# Task item
Exactly as they stand, repeat the lines from the one containing "Rustic Brown Wood" through the final line of the listing, both ends included, and nothing else; skip the pictures.

# Collected material

....

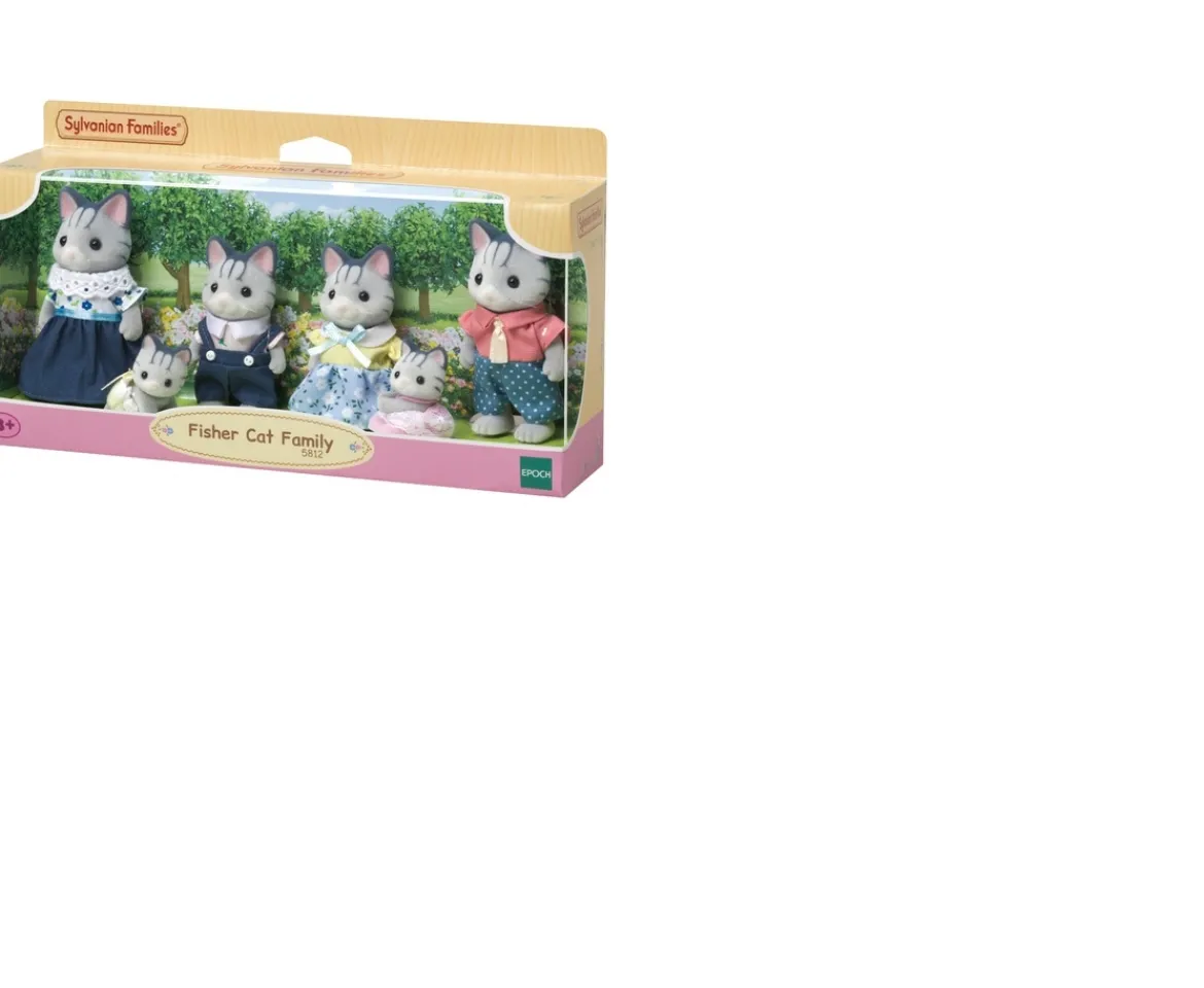 Add the Sylvanian Families Fisher Cat Family 6 Pack to your collection today! This pack will introduce you to a family of figures with beautiful grey fur with striking markings. Each figure features articulation in the head, arms, and legs for dynamic posing and playing. Add to your Sylvanian collection today!Father, Schroeder Fisher, is the finest house builder in all of Sylvania. He is best known for his creative woodwork and ornate carvings. Mother, Isabel Fisher, can often be seen and heard tending to her luscious garden. Son, Linus Fisher, is known in Sylvania for his playful disposition and his many friends. He is a practical joker and loves to tease his sister. Daughter, Lauren Fisher, loves to run through the meadow, climb trees and skipping with her friends. The twins, Eddie and Michelle, are happy babies who love to crawl through the garden, especially their mother’s cabbage patch.
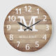 Rustic Brown Wood Family Name Monogram Farmhouse Large Clock
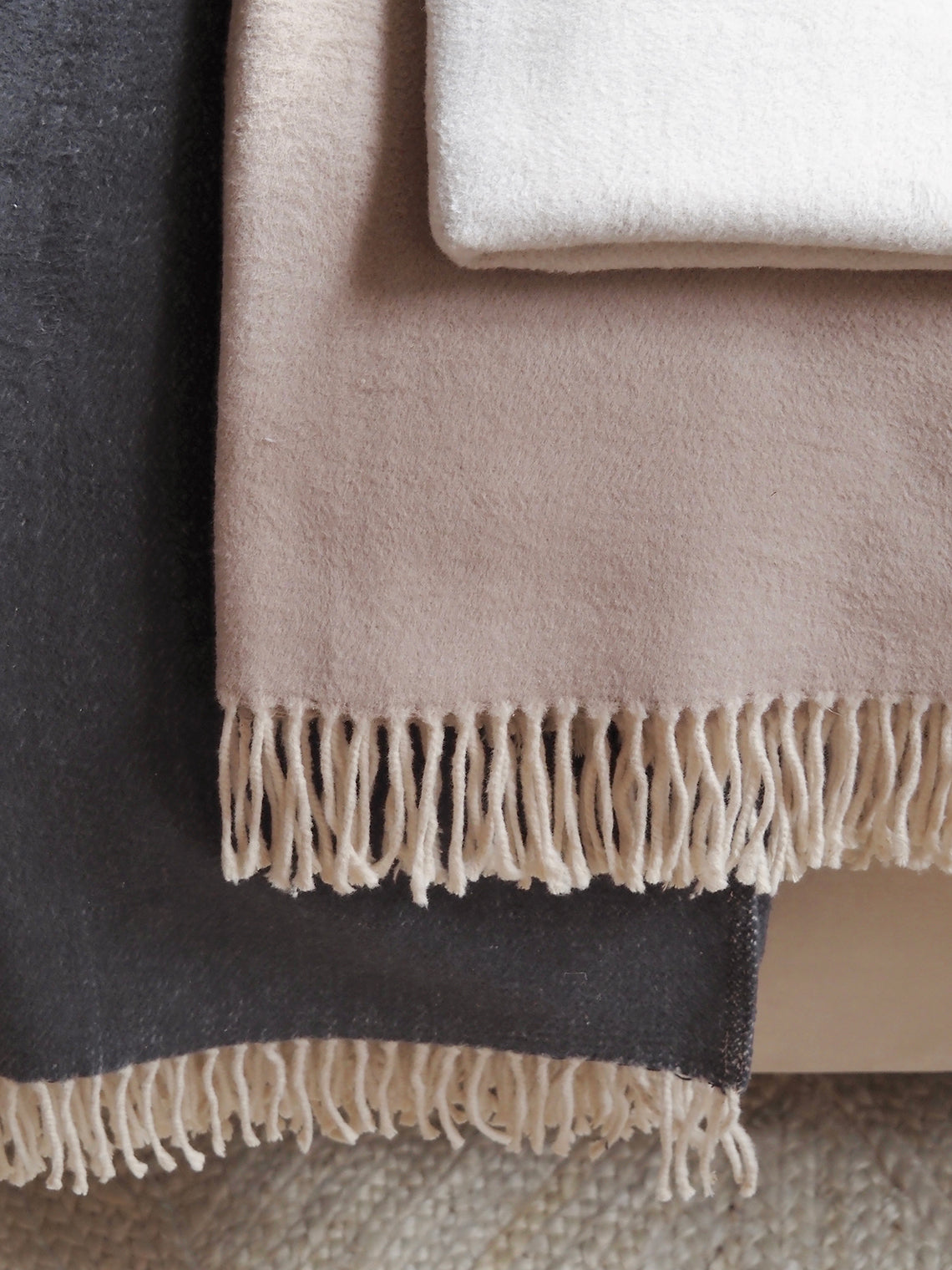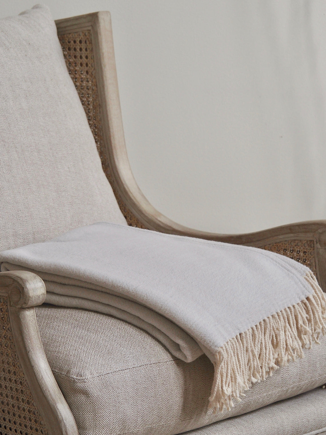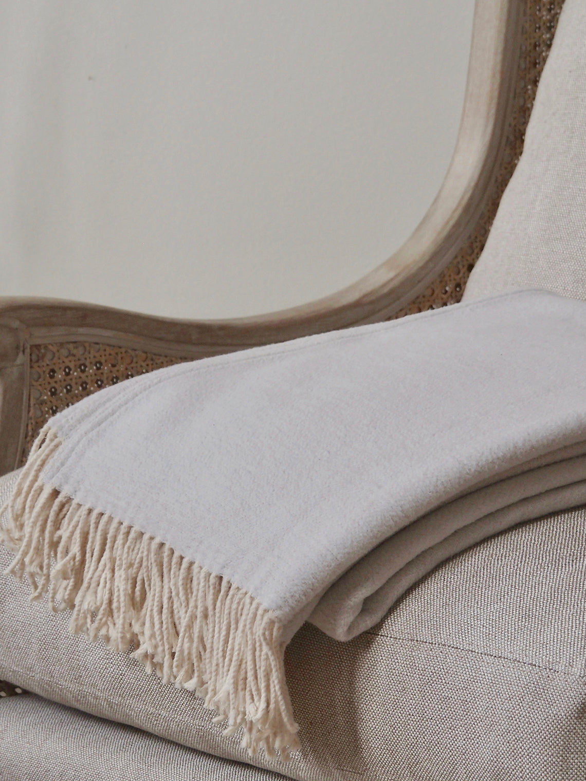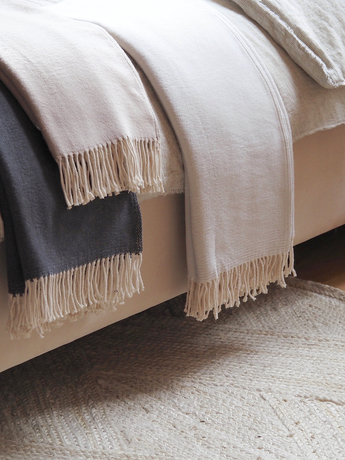 Cozy combed cotton throw in 3 beautiful colours with a soft ivory interwoven weave ending in tassels. Can't get any cozier than that!

....

# Answer to this task
 Rustic Brown Wood Family Name Monogram Farmhouse Large Clock
 Cozy combed cotton throw in 3 beautiful colours with a soft ivory interwoven weave ending in tassels. Can't get any cozier than that!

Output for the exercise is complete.